Re: [RFC/PATCH bpf-next 00/20] bpf: Add multi uprobe link

Andrii Nakryiko <andrii.nakryiko@xxxxxxxxx> · Thu, 27 Apr 2023 15:24:25 -0700

On Thu, Apr 27, 2023 at 5:44 AM Jiri Olsa <olsajiri@xxxxxxxxx> wrote:
>
> On Wed, Apr 26, 2023 at 12:09:59PM -0700, Andrii Nakryiko wrote:
> > On Mon, Apr 24, 2023 at 9:04 AM Jiri Olsa <jolsa@xxxxxxxxxx> wrote:
> > >
> > > hi,
> > > this patchset is adding support to attach multiple uprobes and usdt probes
> > > through new uprobe_multi link.
> > >
> > > The current uprobe is attached through the perf event and attaching many
> > > uprobes takes a lot of time because of that.
> > >
> > > The main reason is that we need to install perf event for each probed function
> > > and profile shows perf event installation (perf_install_in_context) as culprit.
> > >
> > > The new uprobe_multi link just creates raw uprobes and attaches the bpf
> > > program to them without perf event being involved.
> > >
> > > In addition to being faster we also save file descriptors. For the current
> > > uprobe attach we use extra perf event fd for each probed function. The new
> > > link just need one fd that covers all the functions we are attaching to.
> >
> > All of the above are good reasons and thanks for tackling multi-uprobe!
> >
> > >
> > > By dropping perf we lose the ability to attach uprobe to specific pid.
> > > We can workaround that by having pid check directly in the bpf program,
> > > but we might need to check for another solution if that will turn out
> > > to be a problem.
> > >
> >
> > I think this is a big deal, because it makes multi-uprobe not a
> > drop-in replacement for normal uprobes even for typical scenarios. It
> > might be why you couldn't do transparent use of uprobe.multi in USDT?
>
> yes
>
> >
> > But I'm not sure why this is a problem? How does perf handle this?
> > Does it do runtime filtering or something more efficient that prevents
> > uprobe to be triggered for other PIDs in the first place? If it's the
> > former, then why can't we do the same simple check ourselves if pid
> > filter is specified?
>
> so the standard uprobe is basically a perf event and as such it can be
> created with 'pid' as a target.. and such perf event will get installed
> only when the process with that pid is scheduled in and uninstalled
> when it's scheduled out
>
> >
> > I also see that uprobe_consumer has filter callback, not sure if it's
> > a better solution just for pid filtering, but might be another way to
> > do this?
>
> yes, that's probably how we will have to do that, will check

callback seems like overkill as we'll be paying indirect call price.
So a simple if statement in either uprobe_prog_run or in
uprobe_multi_link_ret_handler/uprobe_multi_link_handler seems like
better solution, IMO.

>
> >
> > Another aspect I wanted to discuss (and I don't know the right answer)
> > was whether we need to support separate binary path for each offset?
> > It would simplify (and trim down memory usage significantly) a bunch
> > of internals if we knew we are dealing with single inode for each
> > multi-uprobe link.
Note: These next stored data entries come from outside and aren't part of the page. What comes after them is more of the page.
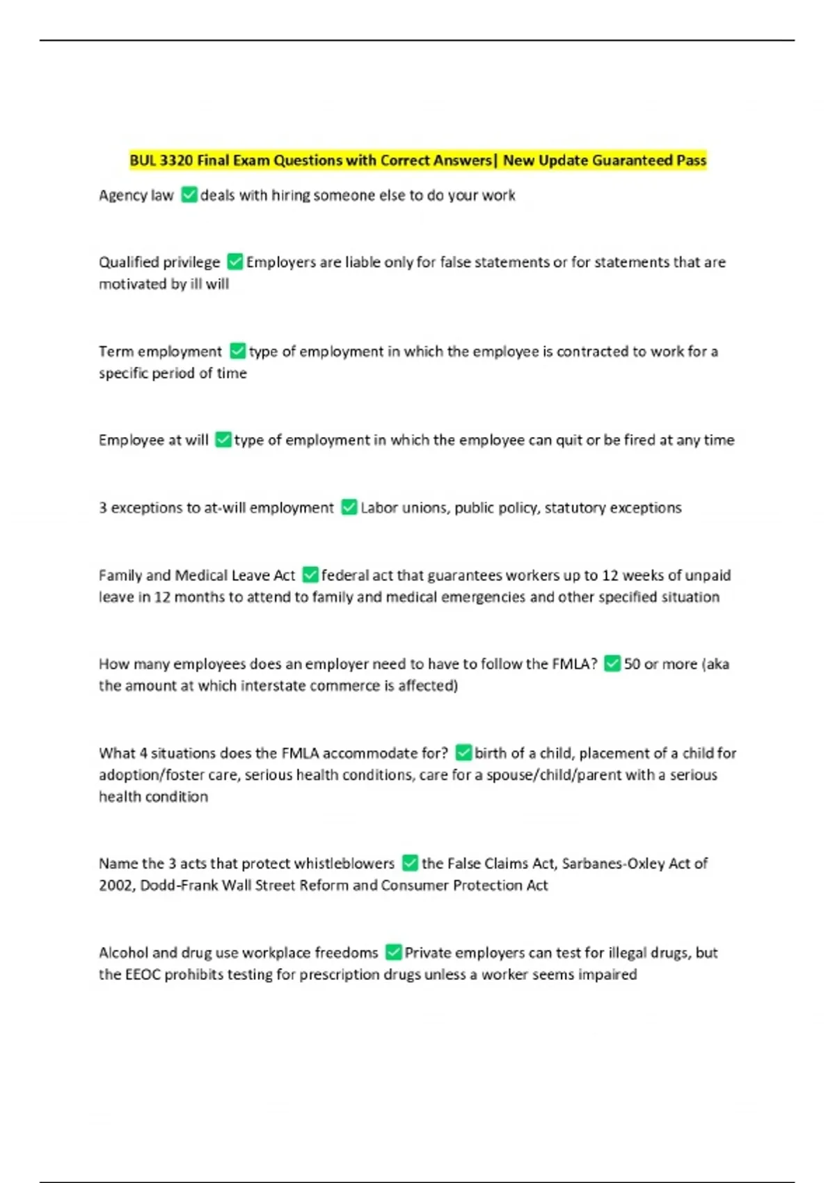 BUL 3320 Final Exam Questions with Correct Answers| New Update Guaranteed Pass
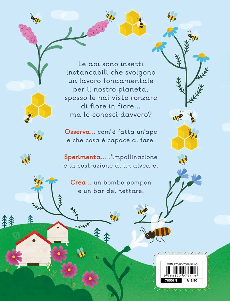 | Un libro con tante attività e semplici esperimenti per conoscere le api e osservarle da vicino: prova a comunicare danzando come loro, apri un bar del nettare, fatti servire e riverire come se fossi un'ape regina. Scopri come si costruisce un alveare, che cosa fa un apicoltore, che cos'è l'impollinazione e tanto altro ancora. | |
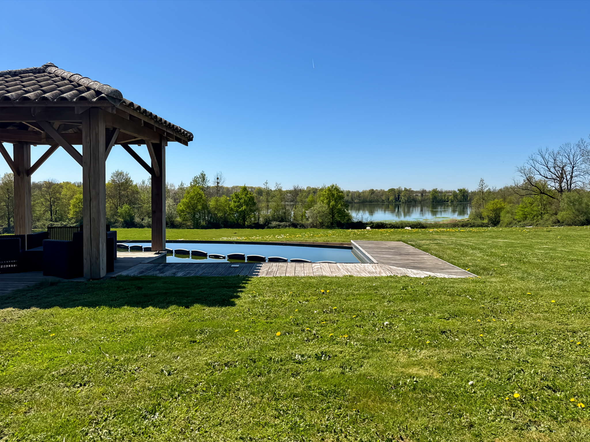 À l'extérieur, le spectacle est tout simplement saisissant. Implantée sur un terrain de près de 2 hectares, la propriété profite d'une vue exceptionnelle sur un lac et des prairies accueillant chevaux et faune environnante. Une piscine à débordement prolonge cette perspective unique et invite à la détente face à ce paysage vivant et apaisant.
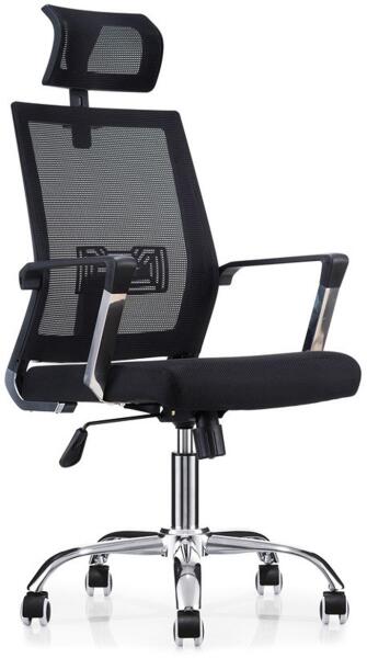 Szobák > Konyhabútor, étkezőbútor > Étkezőszék - Kényelmes és modern irodai szék fekete színben. Az ülés minőségi szövettel kárpitozott, a háttámla és a fejtámla hálós anyagból készült. A fejtámla magassága állítható. A szék pillangómechanizmussal rendelkezik. Forgatható és magasságban is állítható. A fekete váz műanyagból készült. A fix karfák műanyagból és rozsdamentes acélból készültek. Az ülőfelület habszivacs belsővel rendelkezik. A lábazat krómozott és 5 fehér PU görgővel rendelkezik. Max. teherbírás 110 kg.
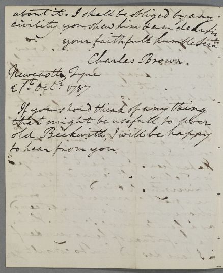 | Summary | Letter from Charles Brown concerning the case of General Beckwith. Letter delivered by Mr Ingle, a Fellow of Peterhouse, Cambridge, whom Brown introduces to Cullen as a new student at Edinburgh. The young man is 'very deaf', so Brown has asked him also to consult Cullen about his hearing. |
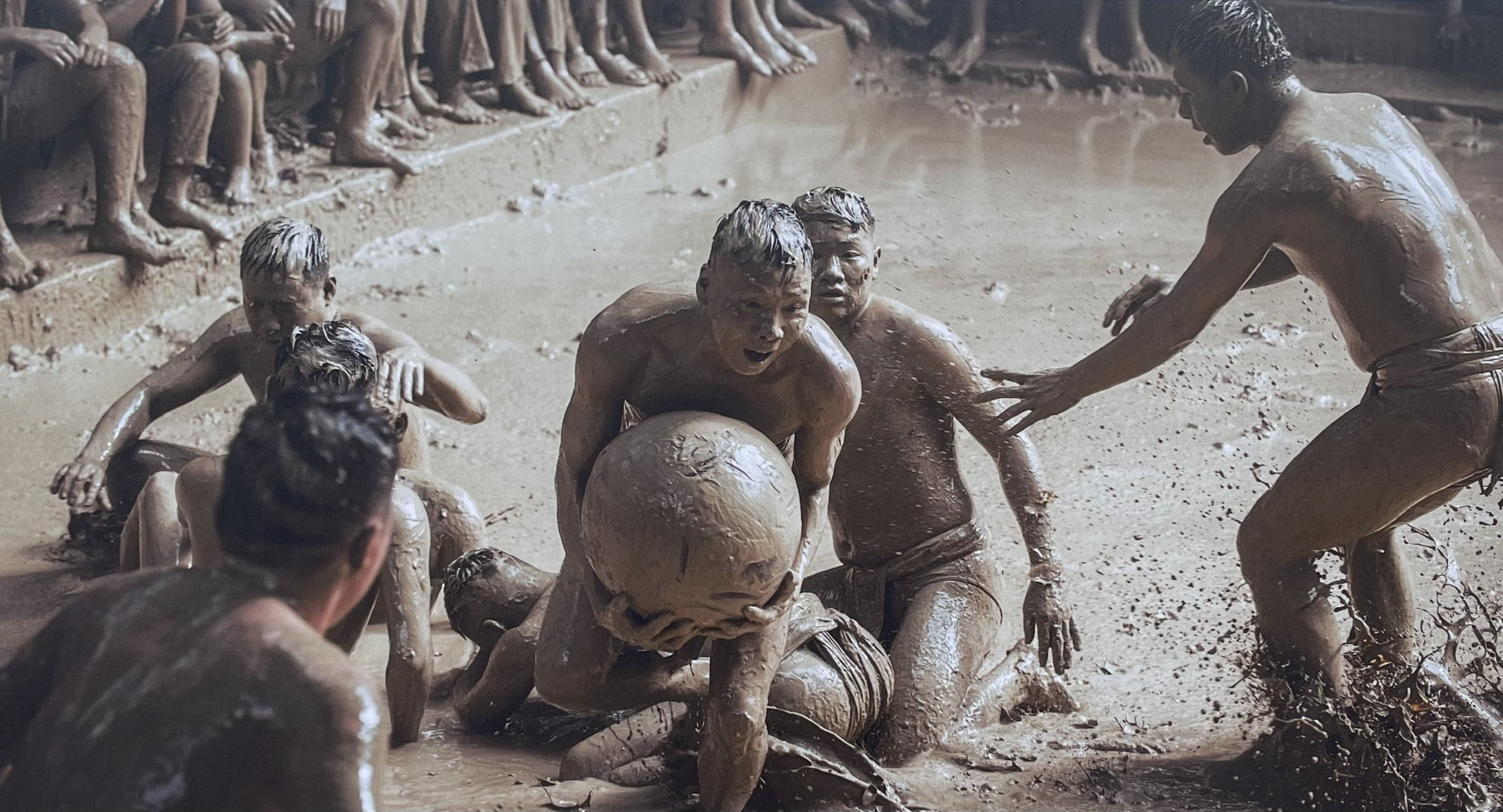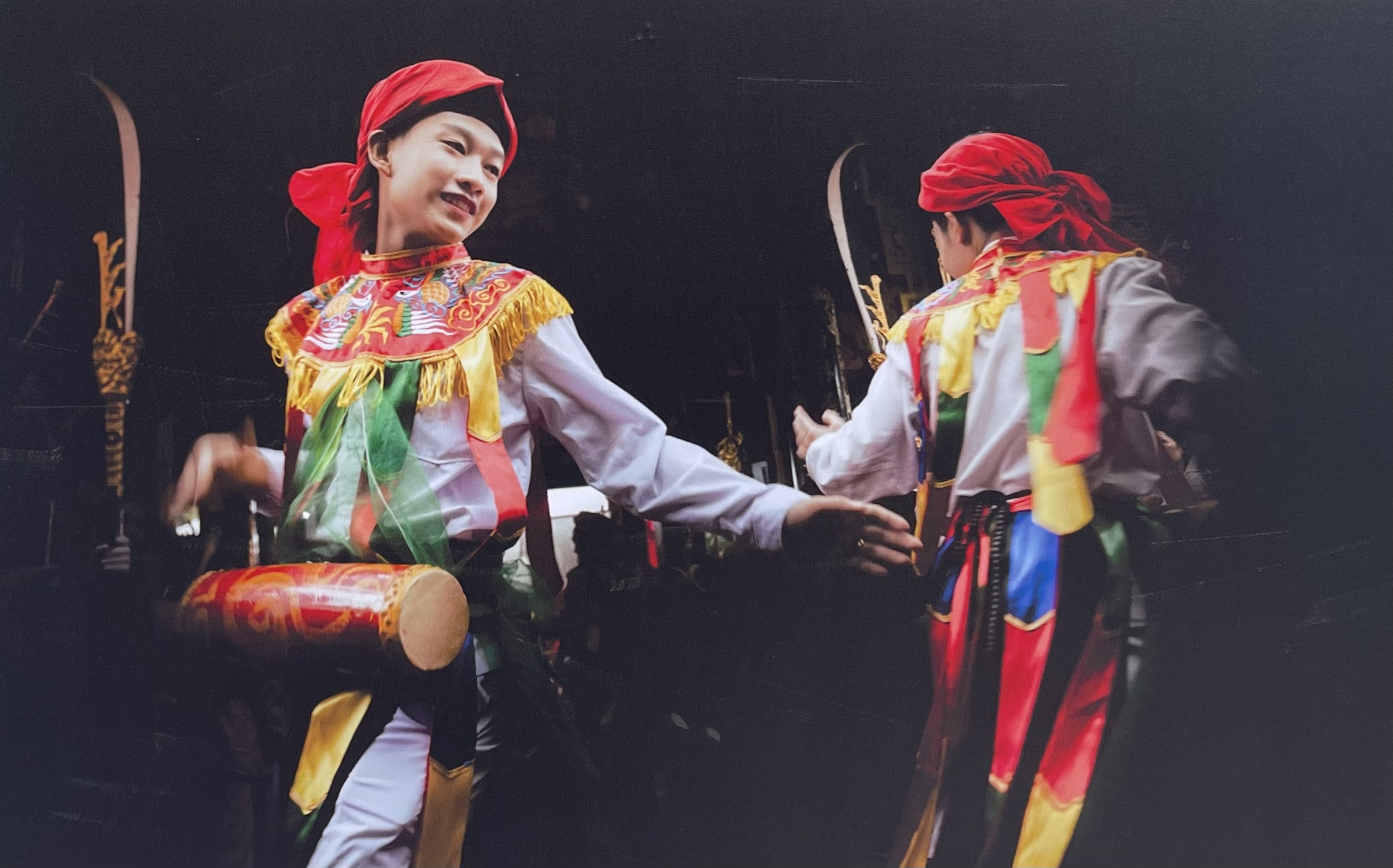 The "Con Di Danh Bong" folk game from the Trieu Khuc village festival, Tan Trieu commune (now Thanh Liet ward), Hanoi. In this game, village men dress as women, wearing traditional four-panel dresses and crow-beak scarves, with "trong bong" drums tied to their chests, dancing and drumming to the rhythm of the festival drums. |
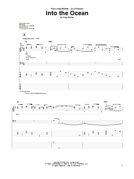 Download or print Andy McKee Into The Ocean sheet music, chords and digital score arranged for Guitar Tab. This Pop score includes 12 page(s).
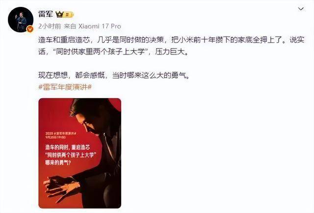 9月24日上午,小米集团董事长兼CEO雷军正在微博发文称,制车和沉启制芯几乎是同时做的决策,把小米前十年攒下的家底全押上了。说实话,“同时供家里两个孩子上大学”,压力庞大。现正在想想城市感伤,其时哪来这么大的怯气。
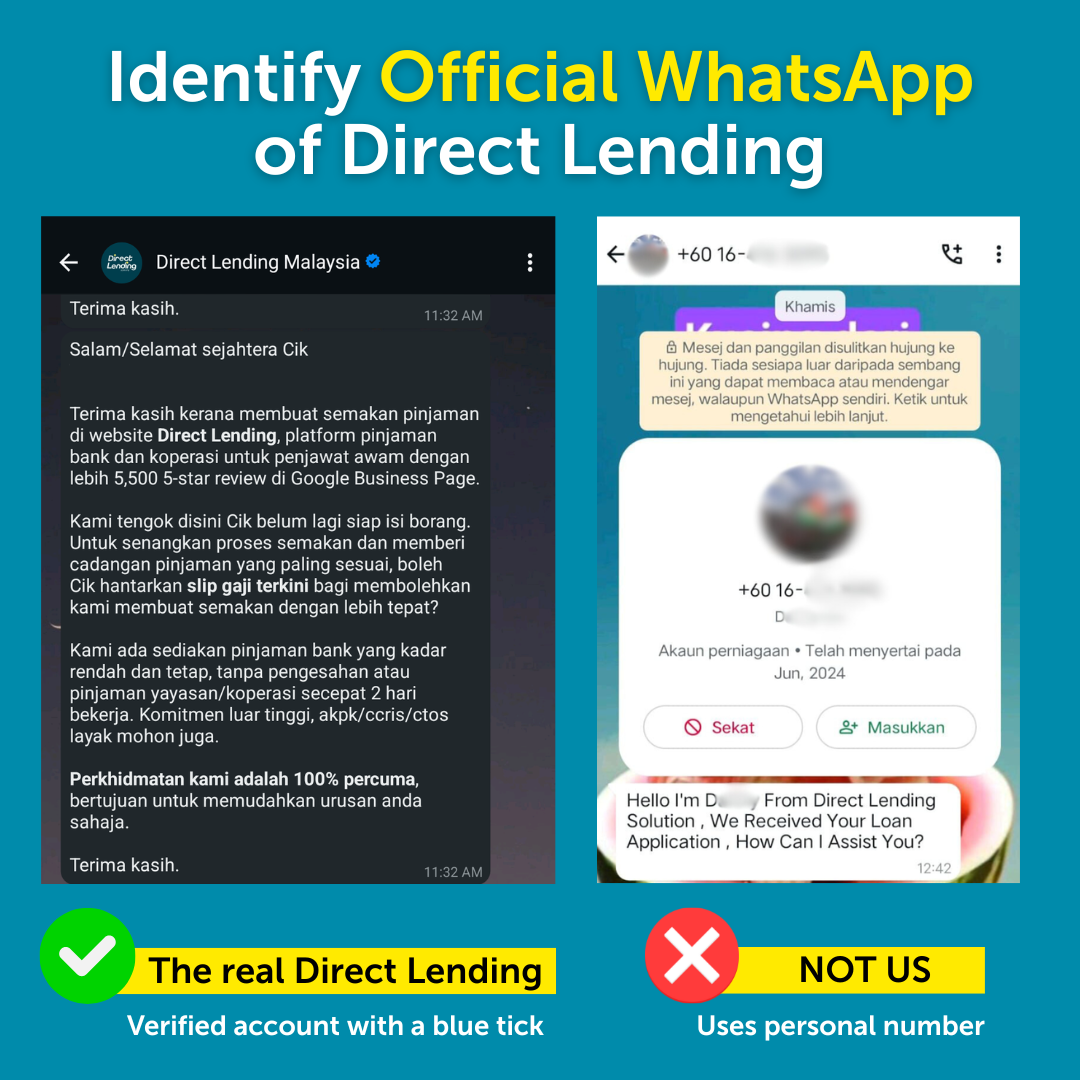 ✅ Our official WhatsApp account is Direct Lending Malaysia (verified with a blue tick)

I'm trying to think if it would be limiting in
> > practice to have to create link per each binary, and so far it seems
> > like usually user-space code will do symbol resolution per ELF file
> > anyways, so doesn't seem limiting to have single path + multiple
> > offsets/cookies within that file. For USDTs use case even ref_ctr is
> > probably the same, but I'd keep it 1:1 with offset and cookie anyways.
> > For uniformity and generality.
> >
> > WDYT?
>
> right, it's waste for single binary, but I guess it's not a big waste,
> because when you have single binary you just repeat the same pointer,
> not the path
>
> it's fast enough to be called multiple times for each binary you want
> to trace, but it'd be also nice to be able to attach all in once ;-)
>
> maybe we could have a bit in flags saying paths[0] is valid for all

No need for extra flags. I was just thinking about having a simpler
and more straightforward API, where you don't need to create another
array with tons of duplicated string pointers. No big deal, I'm fine
either way.

>
> >
> > >
> > > Attaching current bpftrace to 1000 uprobes:
> > >
> > >   # BPFTRACE_MAX_PROBES=100000 perf stat -e cycles,instructions \
> > >     ./bpftrace -e 'uprobe:./uprobe_multi:uprobe_multi_func_* { }, i:ms:1 { exit(); }'
> > >     ...
> > >
> > >      126,666,390,509      cycles
> > >       29,973,207,307      instructions                     #    0.24  insn per cycle
> > >
> > >         85.284833554 seconds time elapsed
> > >
> > >
> > > Same bpftrace setup with uprobe_multi support:
> > >
> > >   # perf stat -e cycles,instructions \
> > >     ./bpftrace -e 'uprobe:./uprobe_multi:uprobe_multi_func_* { }, i:ms:1 { exit(); }'
> > >     ...
> > >
> > >        6,818,470,649      cycles
> > >       13,275,510,122      instructions                     #    1.95  insn per cycle
> > >
> > >          1.943269451 seconds time elapsed
> > >
> > >
> > > I'm sending this as RFC because of:
> > >   - I added/exported some new elf_* helper functions in libbpf,
> > >     and I'm not sure that's the best/right way of doing this
> >
> > didn't get to that yet, sounds suspicious :)
> >
> > >   - I'm not completely sure about the usdt integration in bpf_program__attach_usdt,
> > >     I was trying to detect uprobe_multi kernel support first, but ended up with
> > >     just new field for struct bpf_usdt_opts
> >
> > haven't gotten to this yet as well, but it has to be auto-detectable,
> > not an option (at least I don't see why it wouldn't be, but let me get
> > to the patch)
>
> thanks,
> jirka